Options are derivatives that allow traders the right but not the obligations to sell or buy an elementary asset at a certain price before or on the given expiry date. Traders can earn outstanding profit from options trading if they use it properly by understanding the different option trading strategies. Traders very often start options trading with less knowledge of options trading strategies which can lead them to face colossal loss. Several option trading strategies can increase profit and lessen risks.
Here are the top 3 option trading strategies that can increase profits if they are executed appropriately.
Top 3 Options Trading Strategies
There are several options trading strategies, but the following are the best and most used top 3 options trading strategies.
- Covered Call Options Trading Strategy
- Straddle Options Trading Strategy
- Risk Reversal Options Trading Strategy
Covered Call Options Trading Strategy
In the covered call options trading strategy, the traders write or sell the call option against the asset which they are currently holding for the long positions. Traders’ existing holdings cover the option trade, which means the traders can transfer the elementary assets if the buyer of the call option utilizes the right to buy the asset.
This strategy’s focus is to increase the profit that traders can gain from the long position lonely by collecting the premium on selling an options contract. The covered call strategy is used for several different purposes. Some traders use it to gain extra profit from the asset they hold, even in a relatively flat market.
The advantage of the covered call options trading strategy is that it can be implemented as a short term hedge to existing holding against the loss. There is a risk involved in this that if the market price archives the strike price, traders might have to pay the elementary asset’s agreed amount.
The covered call options trading strategy typically executed 30-50 days prior to expiry. Because of this, traders might get the benefit of time decay, although the execution time totally depends on the trader’s goal.
Straddle Options Trading Strategy
In the straddle options trading strategy, the traders buy and sell the same numbers of calls and put them at the same strike price and expiry date. The strategy aims to gain profit on one position to hugely cover the other position’s loss so that the entire trade becomes profitable.
The type of straddle use is based on the market view of the trader. There are two different types of straddles, such as short and long.

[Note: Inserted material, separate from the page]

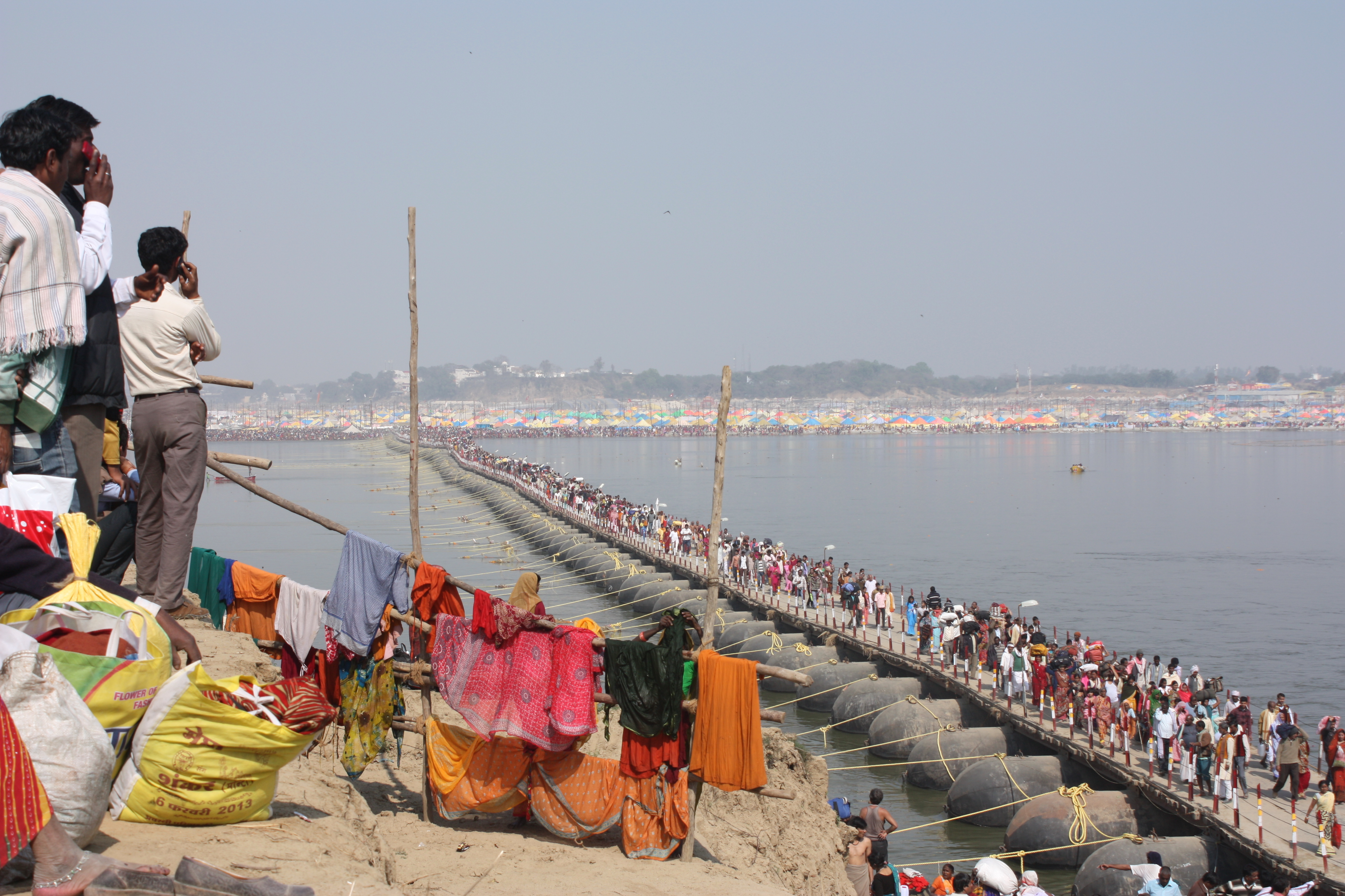 Kumbh Mela 2013 by shak.on

Short straddles need to sell the put and call at the same strike price and expiry date; traders will be able to receive the premium for both. Market with low volatility benefits this strategy. This strategy depends on the move of the market price neither upwards or downwards, as any price move can put the profitability of risk trade. And as traders are selling, there is the possibly limitless downside.

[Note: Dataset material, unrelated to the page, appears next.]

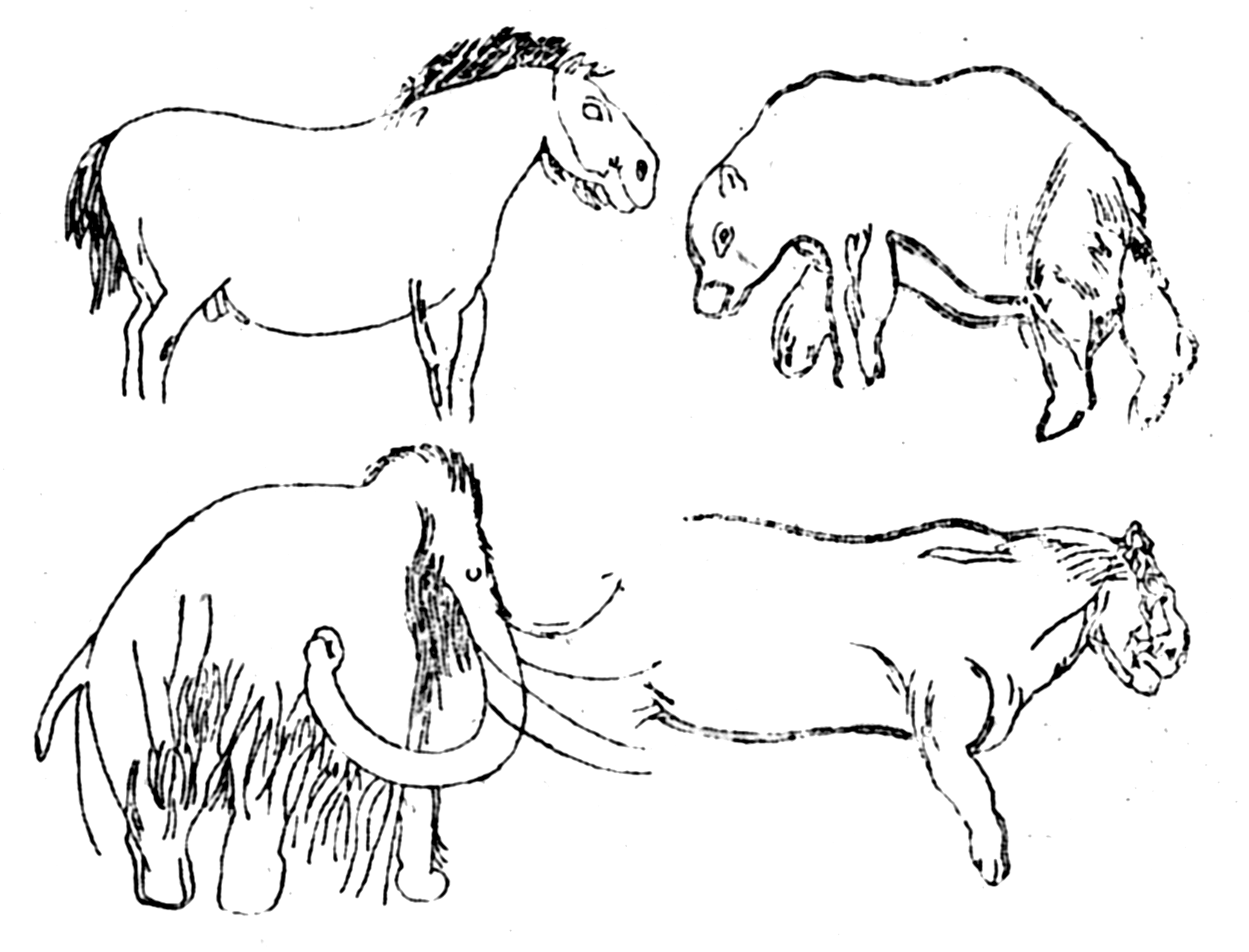 Wall drawing in the cave Les Combarelles in Dordogne (wild horse, cave bear, mammoth, cave lion).

In a long straddle, traders buy the put and call at the same strike price and expiry date. This method will take the benefit of the volatility of the market as the trader will make a profit in one position no matter market moves in any direction.
There are also some cons of the long straddle. If there is no volatility in the market, then both positions might attract the loss, or on the other hand, if the losing side is greater than the profit side, it will also be the net loss.

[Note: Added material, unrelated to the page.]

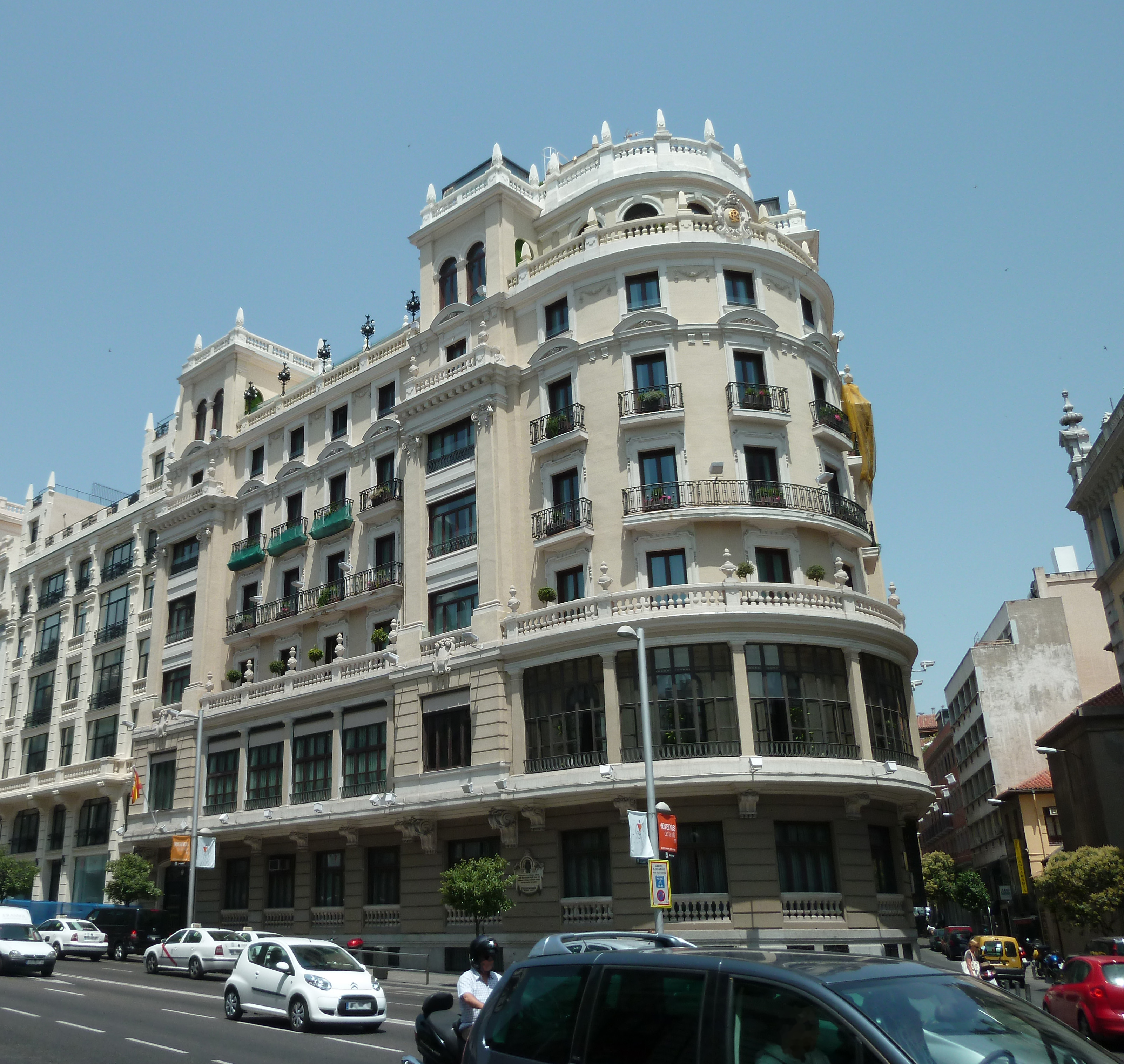 Façade of Edificio Gran Peña, a building at 2nd Gran Vía (an avenue) in Madrid (Spain). Designed in 1914 by architects Eduardo Gambra Sanz and Antonio de Zumárraga and built from 1915 to 1916.

Risk Reversal Options Trading Strategy
The risk reversal option trading strategy involves selling a put option out of the money. And buying the call option out of the money with the same expiry date. This trade is referred to as bullish trade that can be implemented for credit or debit relies on where the strikes are concerning the asset.
The traders who implement the risk reversal always look to get benefit from the long call options. By selling the put pay for the call. This type of trade setup eliminates the risk of trading. But it involves the risk if the assets trade downside.
Some Tips for Trading Options.
Understand the working of the options.
Options are split into two classes, such as puts and calls. The put option grants the right to sell the elementary asset at the strike price on the given date. While the call option grants the right to buy the elementary asset at the strike price on or before the given date.
Traders should build the perfect plan of options trading.
The trading plan is crucial as the method will help traders in trading like how, when and what to trade. The plan must be perfect according to traders goals and risk management.
The options trading plan will give the traders the exact figure of capital that they provide to each strategy. And how much risk they can involve in each trade.
Selecting the Correct Online Broker
Brokers are a crucial part of online trading. All the trading strategies will give profit if they are executed correctly, and in the execution of the strategy, the brokers can help the traders accurately. The commission and the spread plays a vital role in options trading. Therefore selecting the broker with low trading fees is essential, and moreover, it should be safe and reliable.
HFTrading and ETFinance are the top online brokers. They offer low commission fees and spreads. Also are the safest and reliable as they are authorised and regulated by the leading financial authorities across the world and trusted by thousands of active traders. Traders can read the complete review of these brokers by clicking on their names.
There are many options trading strategies, but we have listed above the best 3 options trading strategies that most successful traders execute. Traders can earn reasonable amounts of profits in options trading by learning and executing these strategies correctly.